Emas & Perak Anjlok Setelah Investor Tenang dengan Pilihan Trump untuk Pimpinan FED

Ilustrasi Emas & Perak Batangan
Ilustrasi Emas & Perak Batangan

New York | EGINDO.co – Harga emas dan perak anjlok pada hari Jumat (30 Januari) dan pasar saham Eropa mengakhiri minggu dengan kenaikan sementara Wall Street mengalami penurunan karena investor merasa yakin dengan pilihan Presiden AS Donald Trump untuk mengambil alih sebagai kepala Federal Reserve.

Logam mulia, yang dipandang sebagai investasi safe-haven, telah mulai merosot setelah laporan, yang kemudian dikonfirmasi, bahwa Trump telah menominasikan mantan pejabat Fed Kevin Warsh untuk menggantikan Jerome Powell sebagai ketua bank sentral AS.

Trump mengumumkan pilihannya pada hari Jumat di media sosial, mengatakan bahwa Warsh, mantan bankir investasi Morgan Stanley dan gubernur Fed, “akan dikenang sebagai salah satu Ketua Fed TERHEBAT, mungkin yang terbaik”.

Kathleen Brooks, direktur riset di grup perdagangan XTB, mengatakan “pilihan yang menarik … mungkin memberi pasar harapan bahwa independensi Fed akan dipertahankan”.

Serangan pribadi Trump terhadap kepala Fed Jerome Powell – yang akan meninggalkan jabatannya pada bulan Mei – telah memicu kekhawatiran luas di kalangan investor bahwa independensi kebijakan bank sentral terancam, yang berpotensi menimbulkan risiko inflasi bagi perekonomian AS.

Minggu Yang Penuh Gejolak

Harga logam mulia anjlok pada hari Jumat setelah melonjak dalam beberapa hari terakhir ketika investor mencari tempat aman di tengah keraguan tentang kebijakan Trump.

Harga emas turun hingga 12 persen pada satu titik, mundur di bawah US$5.000 per ons setelah mencapai rekor tertinggi di dekat US$5.600 pada hari Kamis.

Harga perak, yang pada hari Kamis mencapai puncak tertinggi sepanjang masa di atas $120 per ons, turun sekitar 30 persen menjadi sekitar $82 per ons.

Pasar keuangan telah mengalami gejolak hebat minggu ini karena para pedagang menghadapi dolar yang lebih lemah, ancaman Trump terhadap Teheran, dimulainya kembali ancaman tarif oleh presiden, dan kemungkinan penutupan pemerintah AS.

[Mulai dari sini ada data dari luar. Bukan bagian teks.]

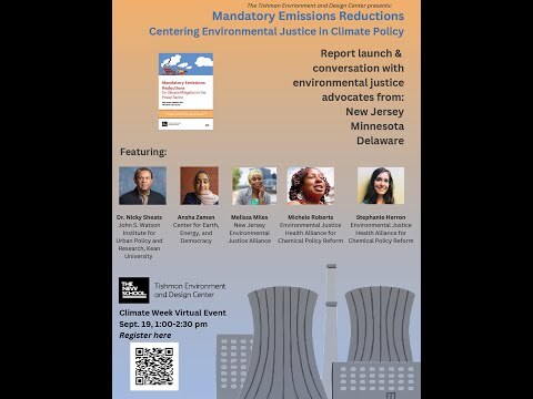 Video: 2023 MER Webinar Across the United States, fossil fuel infrastructure emits toxic air pollution and planet-warming greenhouse gases that drive climate change. Low-income communities and communities of color bear the brunt of both, living on the front lines of impacts from climate change as well as suffering the harms of localized co-pollutants, like particular matter and nitrous oxides, emitted by nearby facilities. A just and equitable climate mitigation policy for the power sector must make the elimination of the sector’s outsized impact on these environmental justice (EJ) communities an explicit goal. A new joint report by Dr. Nicky Sheats of the John S. Watson Institute for Urban Policy and Research (Kean University) and members of the Tishman Environment and Design Center, lays out a framework for a policy to require mandatory emissions reductions (MER) of power sector pollution in EJ communities, and applies it to three state case studies: New Jersey, Minnesota, and Delaware. -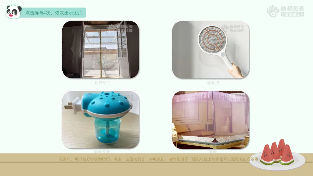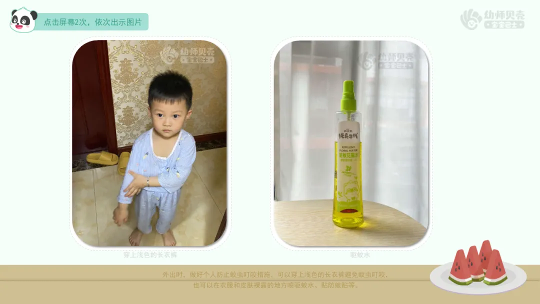 2.知道防蚊虫叮咬的办法,知道蚊虫叮咬后的应对措施。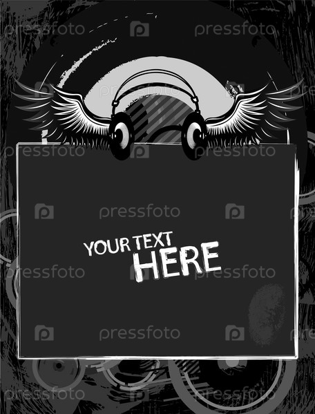 Наушники с крыльями, рамка для текста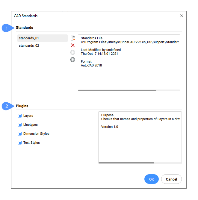 CAD標準仕様ダイアログボックスでは、STANDARDSコマンドのオプションを選択できます。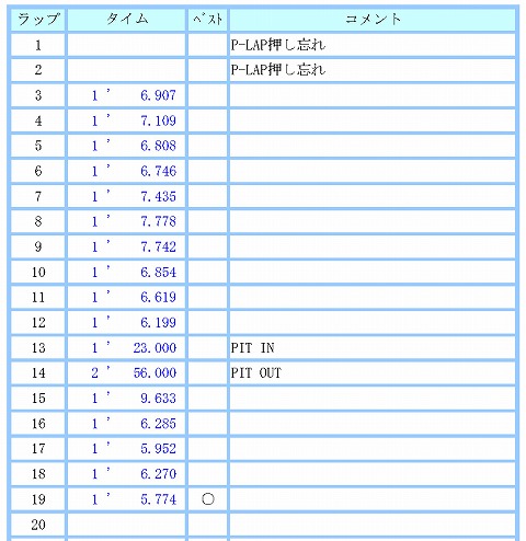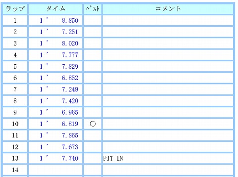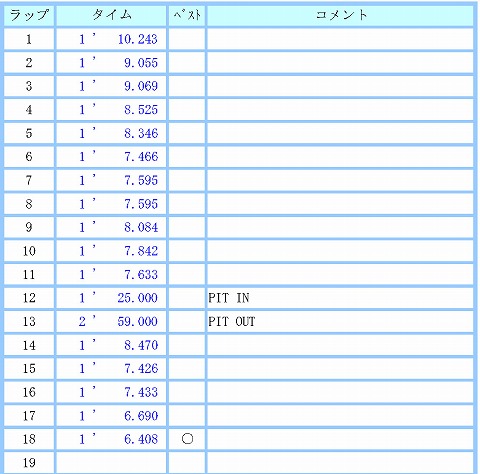 11:50 ピットイン で、13周目にピットイン。 そのまま、集中力が戻らず。 と言うか、今日は午後、これから嫁さんを迎えに成田空港に行かなければなりません。 そう、ここで2年前の悪夢を思い出し、走る気が消失。 (-_-) 残り5分を残して、本日はこれまでとしました。 <(_ _)> |
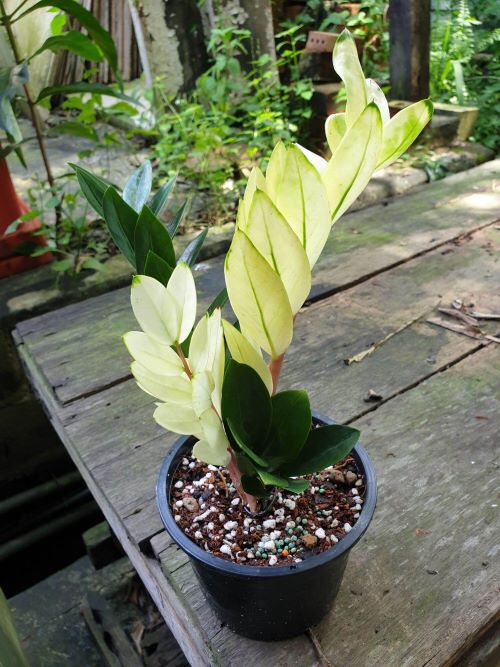 Freckles on the plant, which could be attributed to the Variegated ZZ plant! The research indicates it can be propagated through leaf cuttings in well-drained media, and new, stable variegated forms can be induced using colchicine treatment. The green, white, and yellow color combination on the plant makes it more captivating.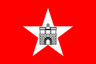Jorge Candeias wrote: This one is red with a big white star in the center, charged with a white castle outlined in black.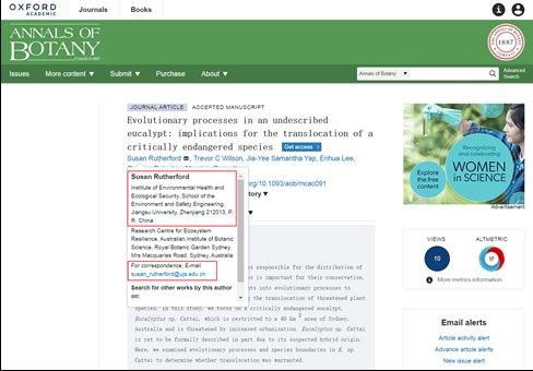 全职外籍教师Susan Rutherford研究员以第一作者及通讯作者(江苏大学为第一单位)关于桉树新物种的研究成果被国际著名植物学期刊《Annals of Botany》在线发表。Susan Rutherford研究员是百家乐模拟器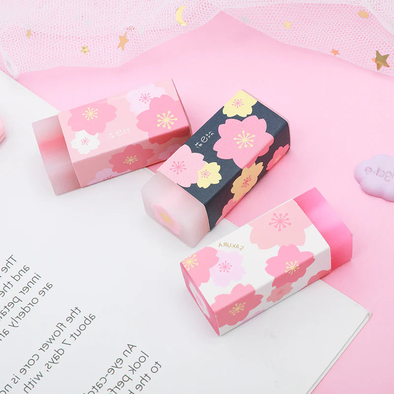 ✔️ Elegant Design – Featuring a delicate cherry blossom flower pattern that wraps around the entire eraser.

Pasar saham Asia menutup minggu ini dengan beberapa kerugian besar menyusul penurunan yang dipimpin oleh sektor teknologi di Wall Street pada hari Kamis karena kekhawatiran yang diperbarui atas investasi besar-besaran dalam kecerdasan buatan.

Pendapatan yang sehat dari Meta, Samsung, dan SK Hynix memberikan banyak kegembiraan di awal pekan, tetapi Microsoft dihukum karena kekhawatiran bahwa program AI-nya yang mahal mungkin tidak menghasilkan keuntungan finansial.

Ada kekhawatiran bahwa valuasi perusahaan mungkin sedikit terlalu tinggi dan bahwa pasar bisa berada dalam gelembung, setelah melonjak dalam beberapa tahun terakhir ke rekor tertinggi berkat reli yang didorong oleh teknologi.

Dolar menguat setelah pencalonan Warsh.

“Sebagian besar ahli strategi mata uang akan berpendapat bahwa pencalonannya mungkin merupakan kabar baik bagi dolar, yang dapat menutupi beberapa risiko dari pilihan yang lebih lunak,” kata Fawad Razaqzada dari Forex.com.

“Namun, selama ketidakpastian kebijakan masih membayangi ekonomi AS dengan sandiwara tarif Trump, narasi pelemahan dolar kemungkinan akan menahan dolar AS untuk melakukan pemulihan yang berarti.”

Di antara perusahaan individual, Verizon melonjak 11,8 persen karena melaporkan peningkatan langganan mobilitas dan broadband tertinggi sejak 2019.